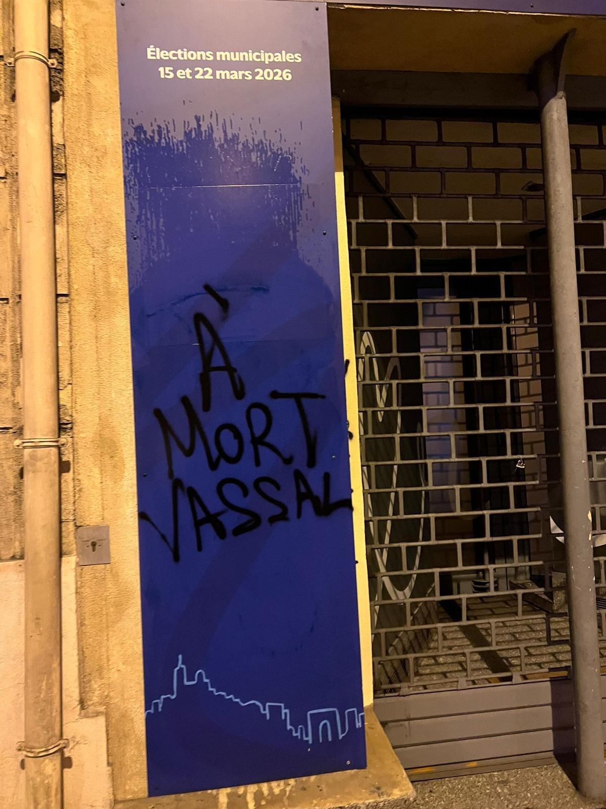 extraits d’Actu Marseille / mardi 24 février 2026 […] Dans la nuit de lundi à ce mardi 24 février 2026, les mots « À mort Vassal » ont été tagués sur les locaux de la candidate de la droite et du centre [Martine Vassal, LR, présidente de la Métropole Aix-Marseille-Provence et du Département des Bouches-du-Rhône ; NdAtt.] pour les élections municipales à Marseille, a-t-elle dénoncé. L’élue, qui avait provoqué un tollé en reprenant comme ses valeurs « le mérite, le travail, la famille, la patrie », dont le dernier triptyque pétainiste, se dit victime de « l’ultra-gauche ». […]
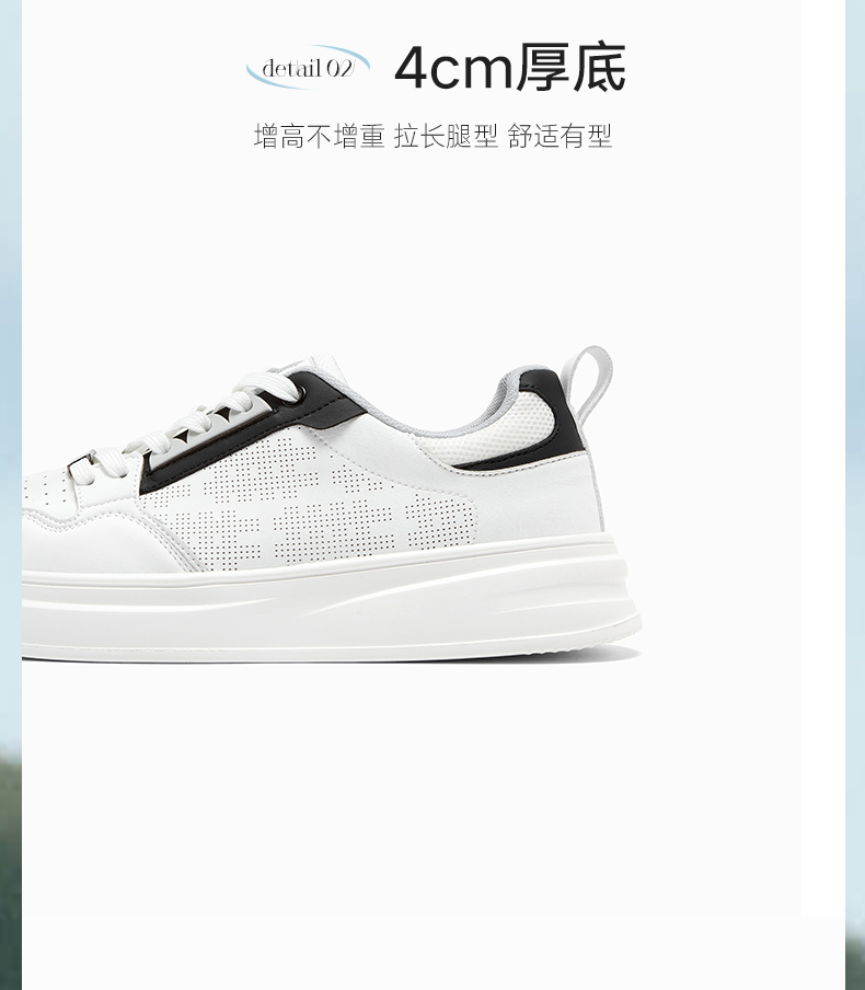 | 风格:运动休闲 | 色系:白色 | 跟高数值:4CM | 40码鞋宽参考(男):10.5CM | 性别:男子 |
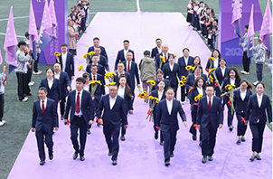 入场礼毕,国旗、校旗先后升起,全体师生肃立致敬,目光灼灼望向飘扬的旗帜,爱国情怀与逐梦热忱在此刻同频共振。
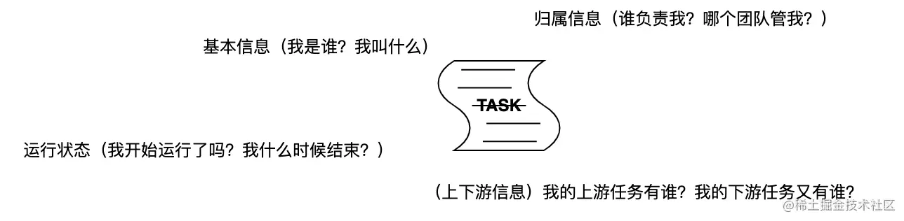 即产出数据的任务,通过数据任务的元信息,可构建整条数据生产链路的完整DAG。在本平台中,所涉及的任务元信息一般需要包含以下内容:
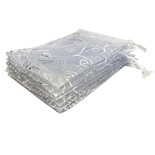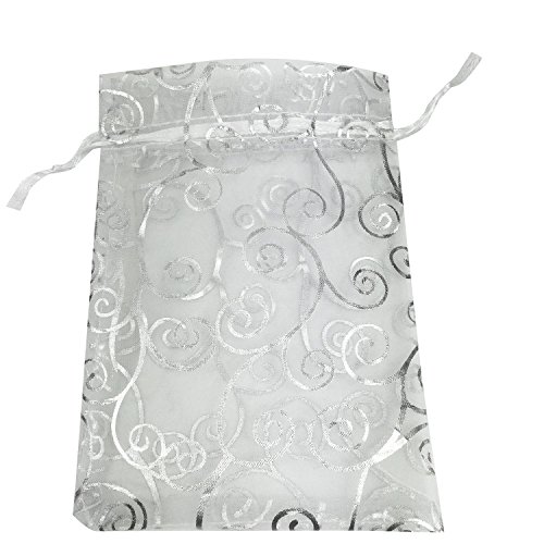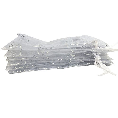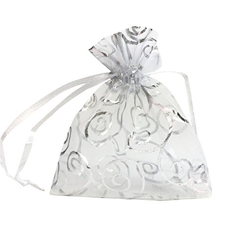 YIJUE 100pcs 3x4 Inches Drawstrings Organza Gift Candy Bags Wedding Favors Bags (White with Silver)
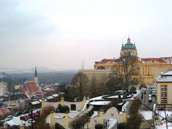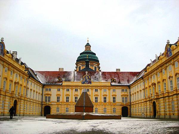 梅爾克修道院鵝黃色優雅的外觀,莊嚴地聳立於該地區的優美風景之中
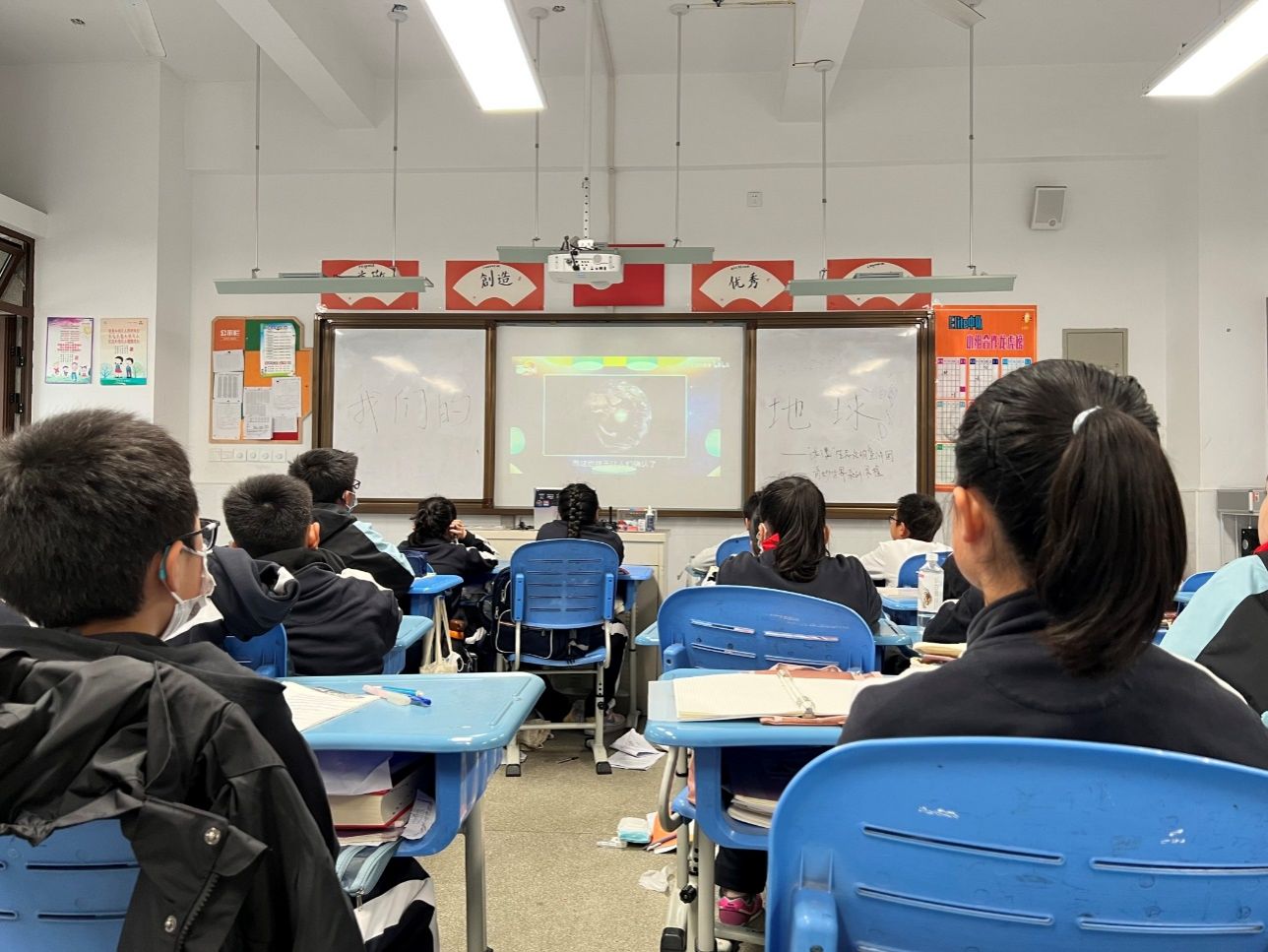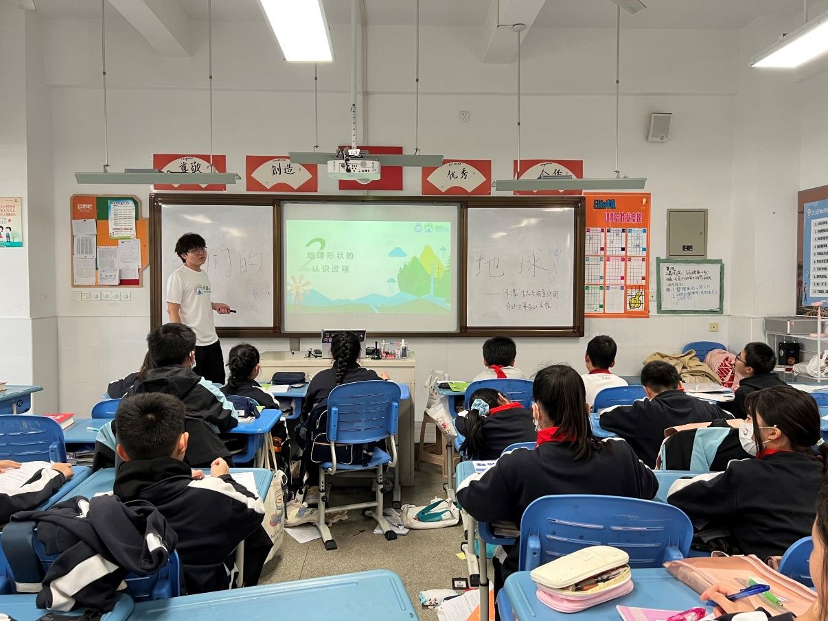 等了足有一个多月了啦,今天真的很高兴很荣幸在嘉定德富路中学开始了我的第一堂宣讲课。刚开始,带着大家一起回顾了上堂课关于宇宙的知识清单,并帮助大家解决月相和月食存在的困惑。之后我开始为大家讲解《我们的地球》一课,刚开始通过一个简短的视频让大家对地球有了个初步的认识。之后我又通过地球的演变,地球的认识过程,地球的概况三章,为他们讲解地球的发展历程,以及人们对于地球的不断认识,并最终认识到地球是个球体的这一过程,然后一起了解了地球的半径,表面积和赤道周长。而且,小朋友们也知道了坐地日行八万里这个由来。课上小朋友们也是积极互动,争相举手去回答问题,我也切实感受到孩子们满满的求知欲和好奇心,希望下次能有机会为孩子们带来更多丰富有趣的知识!

*ASSIGNED TASK*. For this exercise, write out exactly the lines from the one with "YIJUE 100pcs 3x4" through the last line of the records, inclusive, and leave each picture out.

*YOUR RESPONSE*.
 YIJUE 100pcs 3x4 Inches Drawstrings Organza Gift Candy Bags Wedding Favors Bags (White with Silver)
 梅爾克修道院鵝黃色優雅的外觀,莊嚴地聳立於該地區的優美風景之中
 等了足有一个多月了啦,今天真的很高兴很荣幸在嘉定德富路中学开始了我的第一堂宣讲课。刚开始,带着大家一起回顾了上堂课关于宇宙的知识清单,并帮助大家解决月相和月食存在的困惑。之后我开始为大家讲解《我们的地球》一课,刚开始通过一个简短的视频让大家对地球有了个初步的认识。之后我又通过地球的演变,地球的认识过程,地球的概况三章,为他们讲解地球的发展历程,以及人们对于地球的不断认识,并最终认识到地球是个球体的这一过程,然后一起了解了地球的半径,表面积和赤道周长。而且,小朋友们也知道了坐地日行八万里这个由来。课上小朋友们也是积极互动,争相举手去回答问题,我也切实感受到孩子们满满的求知欲和好奇心,希望下次能有机会为孩子们带来更多丰富有趣的知识!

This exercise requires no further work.